8. Plot the simulations.

In [None]:
'''
Add the code for steps 4-8 here
'''
#4. Compute Drift
drift = mu - (0.5 * var)

#5. Set the number of days to simulate
n_days = 10
n_sims = 1000  # Number of simulations

# 6. Generate returns using formula: returns = exp(drift + sigma * random_normal)
Z = np.random.normal(size = (n_days, n_sims))
daily_returns = np.exp(drift + sigma * Z)

#7. Simulate price paths
S0 = data1['Close'].iloc[-1]  # Last known price
price_paths = np.zeros_like(daily_returns)
price_paths[0] = S0

for t in range(1, n_days):
    price_paths[t] = price_paths[t - 1] * daily_returns[t]

#8. Compute VaR(95) and CVaR(95)
final_prices = price_paths[-1]
returns = (final_prices - S0) / S0
var_95 = np.percentile(returns, 5)  # VaR at 95% confidence
cvar_95 = returns[returns <= var_95].mean()  # CVaR at 95% confidence


print(f"Monte Carlo VaR(95): {var_95:.5f}")
print(f"Monte Carlo CVaR(95): {cvar_95:.5f}")

# Plot the simulated price paths
plt.figure(figsize=(15, 8))
plt.plot(price_paths[:, :100], alpha=0.2)

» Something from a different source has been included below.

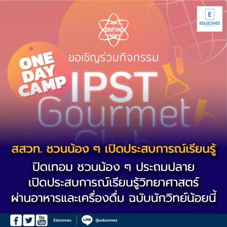 ปิดเทอมนี้ สสวท. ชวนน้อง ๆ ประถมปลาย เปิดประสบการณ์เรียนรู้ วิทยาศาสตร์ผ่านอาหารและเครื่องดื่ม ฉบับนักวิทย์น้อย EZ WebmasterJanuary 29, 2026 ปิดเทอมนี้ สถาบันส่งเสริมการสอนวิทยาศาสตร์และเทคโนโลยี (สสวท.) ชวนนักเรียนระดับประถมศึกษาตอนปลาย (ป.4–6) ร่วมกิจกรรม One Day Camp “IPST Gourmet Club เจาะเมนลับ ฉบับนักวิทย์น้อย” เรียนรู้วิทยาศาสตร์ผ่านการลงมือทำอย่างสนุกและสร้างสรรค์กับกิจกรรม “Craft Chocolate” ฝึกทักษะการชั่ง ตวง วัด พร้อมเรียนรู้โภชนาการ และกิจกรรม…

plt.title("Monte Carlo Simulation of NVDA Prices (10 Days, 1000 Simulations)")
plt.xlabel("Day")
plt.ylabel("Simulated Price")
plt.grid(True)
plt.show()

**HINT**:
- random_rets = np.random.normal(mean, std, T). Append the simulations to a list.
- var(90) = np.percentile(_simulations list_, 10).

This chart shows the result of running a Monte Carlo simulation on NVDA's stock price over the next 10 trading days.

Each line represents a possible future path that the stock could take, based on:

- the historical mean and volatility of log returns
- and a random shock component, which reflects market unpredictability.

We’ve run 1,000 simulations, and plotted a sample of 100 to avoid clutter.

All paths begin from today’s actual closing price — roughly $138 — and diverge over time.

This simulation assumes that:

- daily returns are normally distributed and follow a Geometric Brownian Motion, which is standard in finance for modeling asset prices.

From this simulation, we calculate:

- Monte Carlo VaR(95%) = –13.4%

- Monte Carlo CVaR(95%) = –17.6%

This tells us that:

**There's a 5% chance the stock could lose more than 13.4% over the next 10 days — and if that happens, the average loss would be around 17.6%.**

This Monte Carlo approach offers a forward-looking, probability-based view of risk — ideal for stress testing and scenario planning."

## Step 2

### Simulate the prices using Monte Carlo simulations.

1. Predict the prices. Set the value of the last adjusted close price as p0.
2. Initialize a numpy array of zeroes similar to the daily_returns computed above. You can use the function `np.zeros_like()`.
3. Set the initial value of the price as p0.
4. In a for loop for the number of days, we will fill the prices array with the prices computed from the `daily_returns` simulated above.
5. Convert the prices array to a dataframe.
6. Plot the simulations.

In [None]:
'''
Add the code for step 2 here
'''
p0 = data1['Close'].iloc[-1]  # Last known price
prices = np.zeros_like(daily_returns)
#3. set initial price
prices[0] = p0
# 4 fills the price paths
for t in range(1, n_days):
    prices[t] = prices[t - 1] * daily_returns[t]

#5. Convert prices to dataframe
price_df = pd.DataFrame(prices)

#6. Plot the simulated price paths
plt.figure(figsize=(12,6))
plt.plot(price_df.iloc[:, :100], alpha=0.2)  # plot first 100 simulations
plt.title("Monte Carlo Simulated Price Paths (10 Days, 1000 Simulations)")
plt.xlabel("Day")
plt.ylabel("Simulated Price")
plt.grid(True)
plt.show()


This plot displays a Monte Carlo simulation of NVDA’s price over the next 10 days, based on its historical mean return and volatility.

Each path is generated using a geometric Brownian motion model, which assumes:

- Log returns are normally distributed

- Price evolves by compounding small random shocks each day

From this simulation, we can estimate the probability distribution of future outcomes. This gives us a forward-looking view of risk, allowing us to compute metrics like:

- VaR: What’s the worst loss we expect with 95% confidence?

- CVaR: And how bad could it get beyond that?

This simulation provides richer insight than historical or parametric VaR alone because it models a range of future outcomes, not just static thresholds.